> [Information supplied]
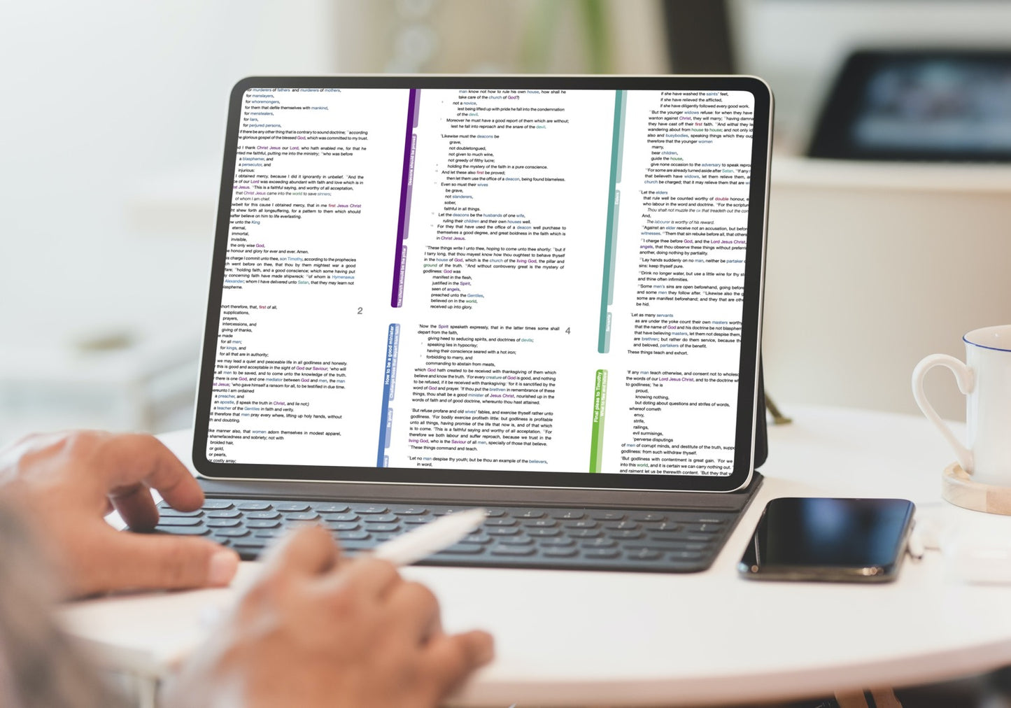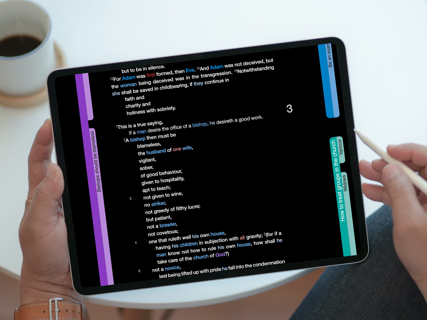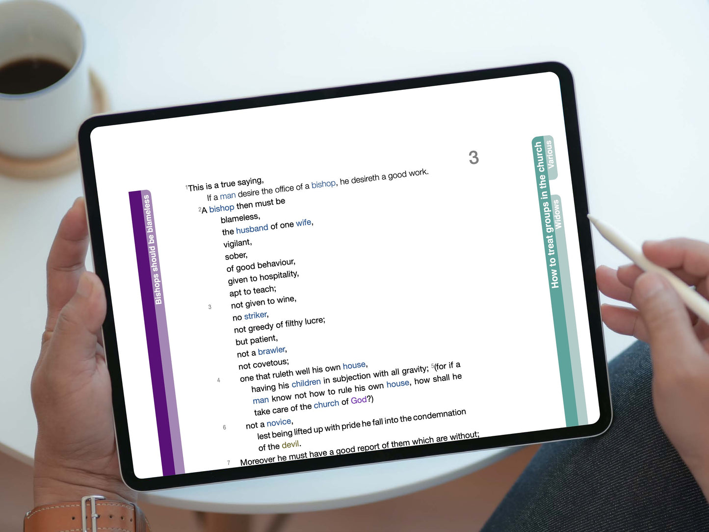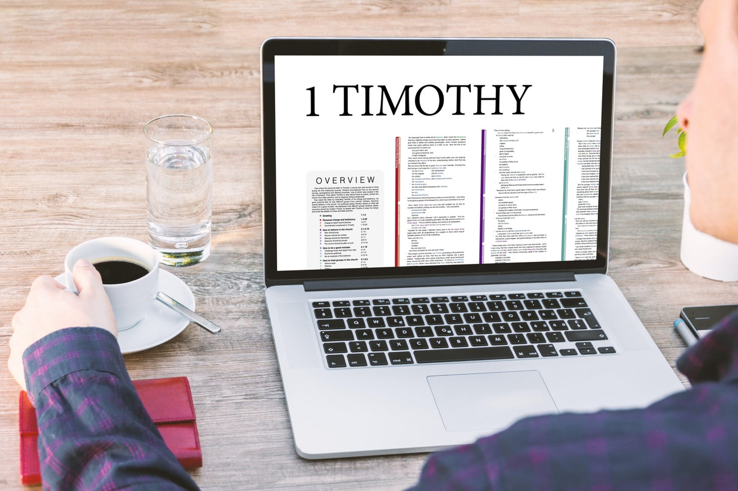 - A full resolution, interactive digital PDF document of every word of the entire book of 1 Timothy (KJV) displayed beautifully in its natural context.
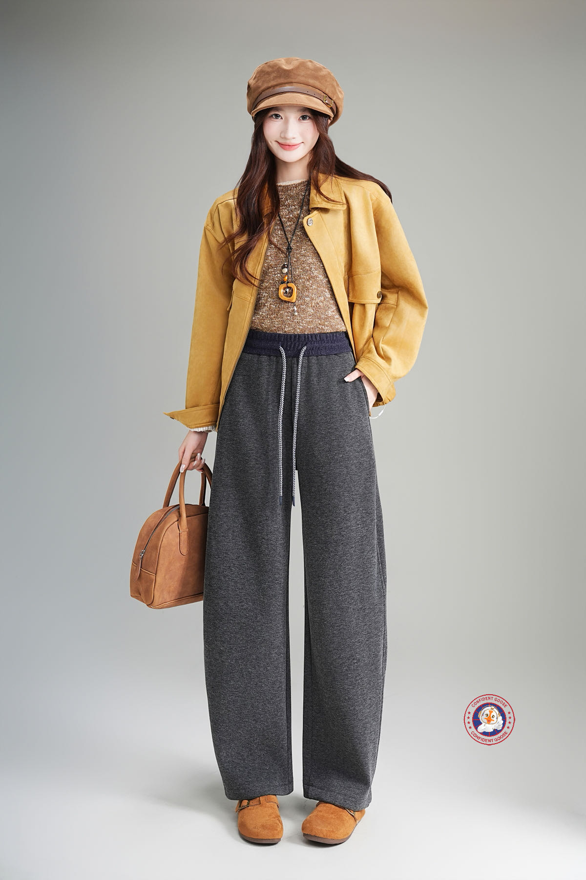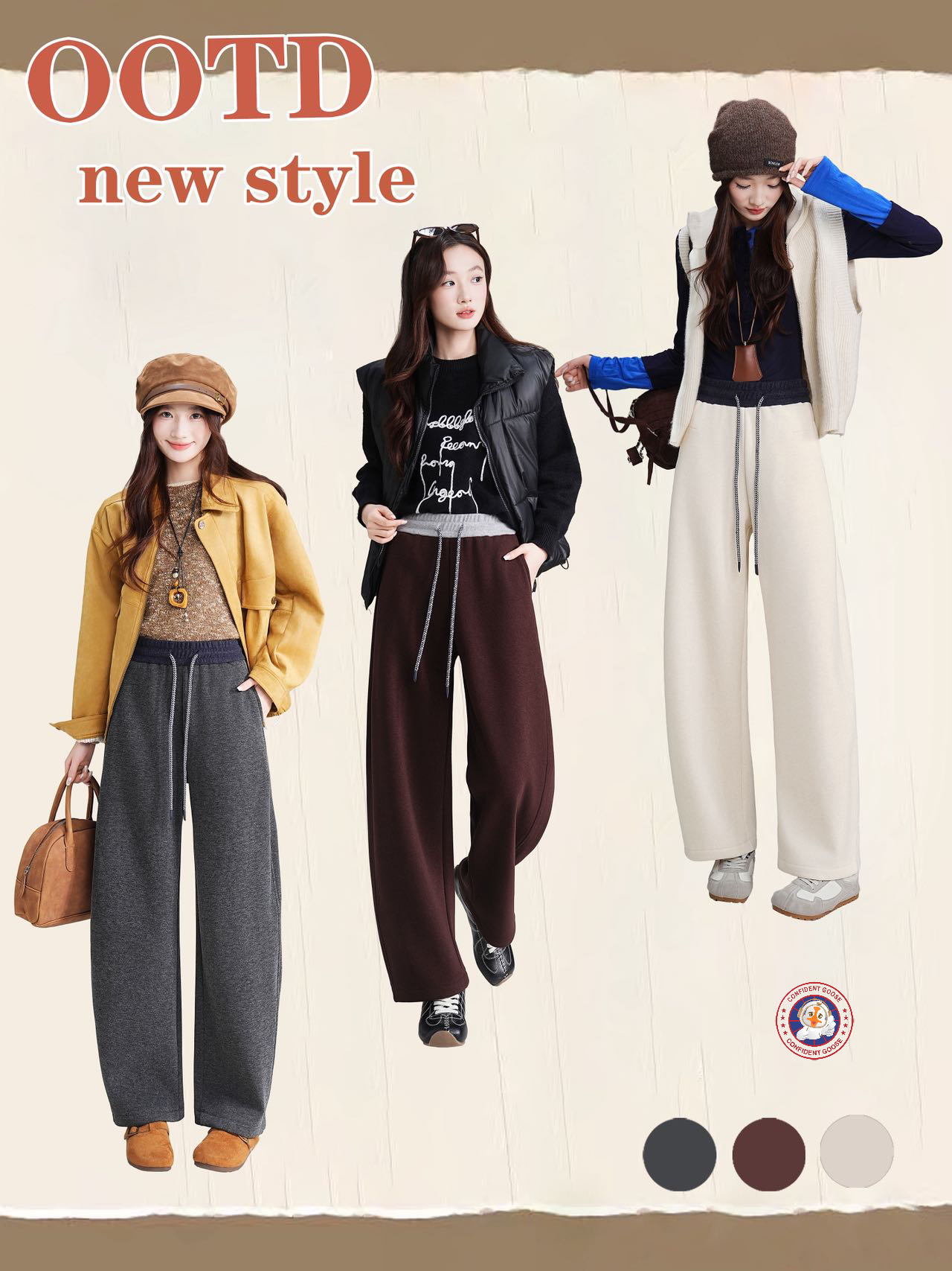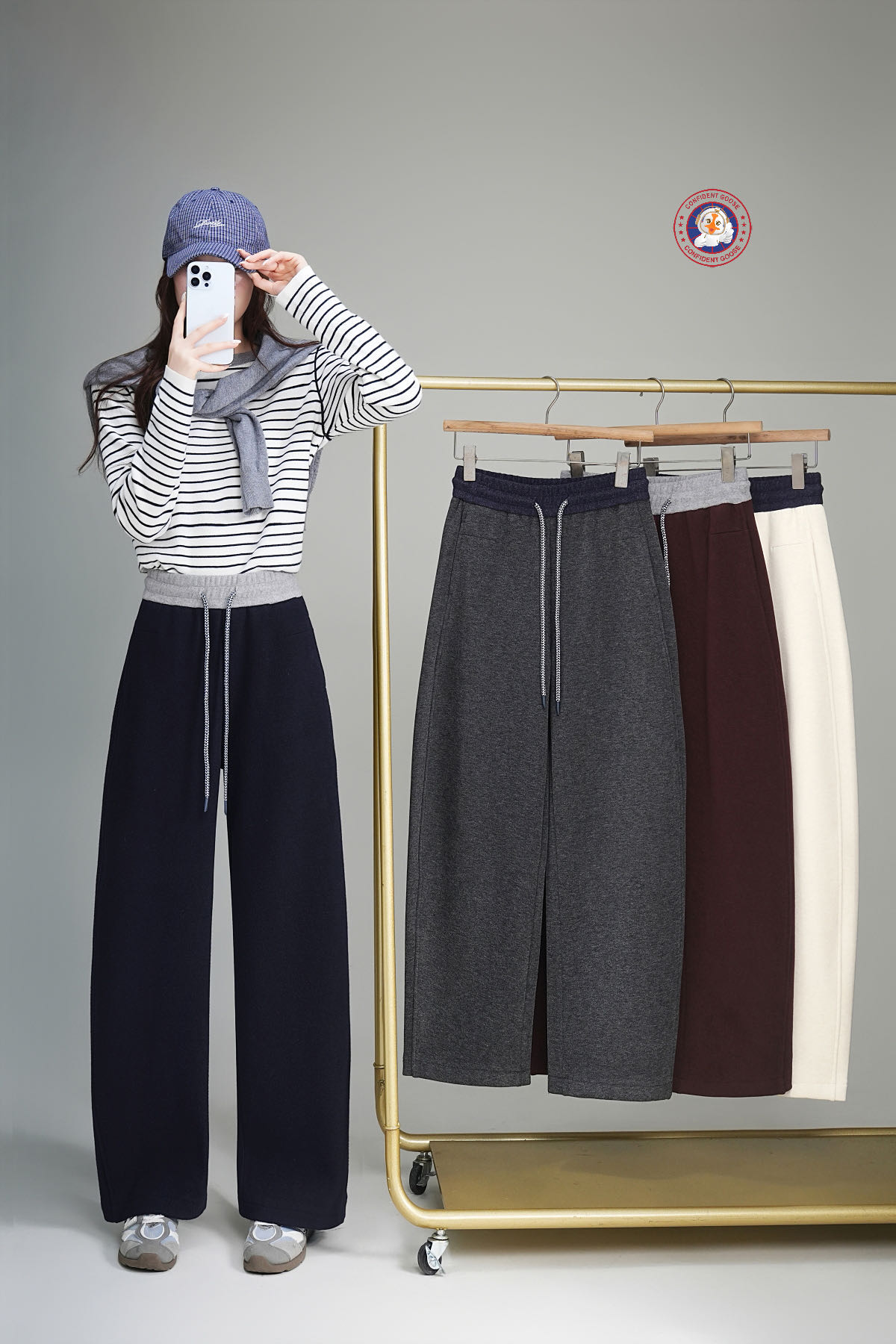 过冬神裤【Confident Goose加绒弯刀裤】腿粗 胯宽全藏住 腰头撞色+抽绳设计 加绒加厚 软糯亲肤#L
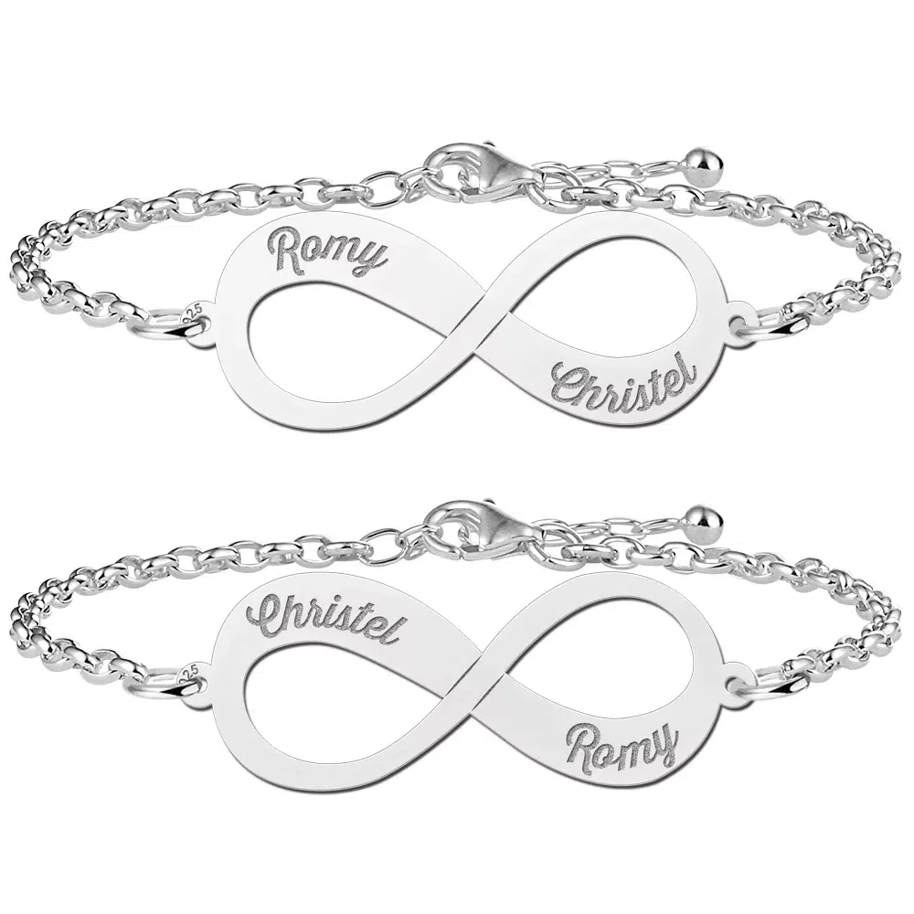 Deze set van zilveren infinity armbanden is gemaakt van 925 Sterling zilver. Iedere armband kan gepersonaliseerd worden met twee namen.

> [Work to complete]
Each line of the data must be restated exactly, and the pictures must be left out.

> [Task output]
 - A full resolution, interactive digital PDF document of every word of the entire book of 1 Timothy (KJV) displayed beautifully in its natural context.
 过冬神裤【Confident Goose加绒弯刀裤】腿粗 胯宽全藏住 腰头撞色+抽绳设计 加绒加厚 软糯亲肤#L
 Deze set van zilveren infinity armbanden is gemaakt van 925 Sterling zilver. Iedere armband kan gepersonaliseerd worden met twee namen.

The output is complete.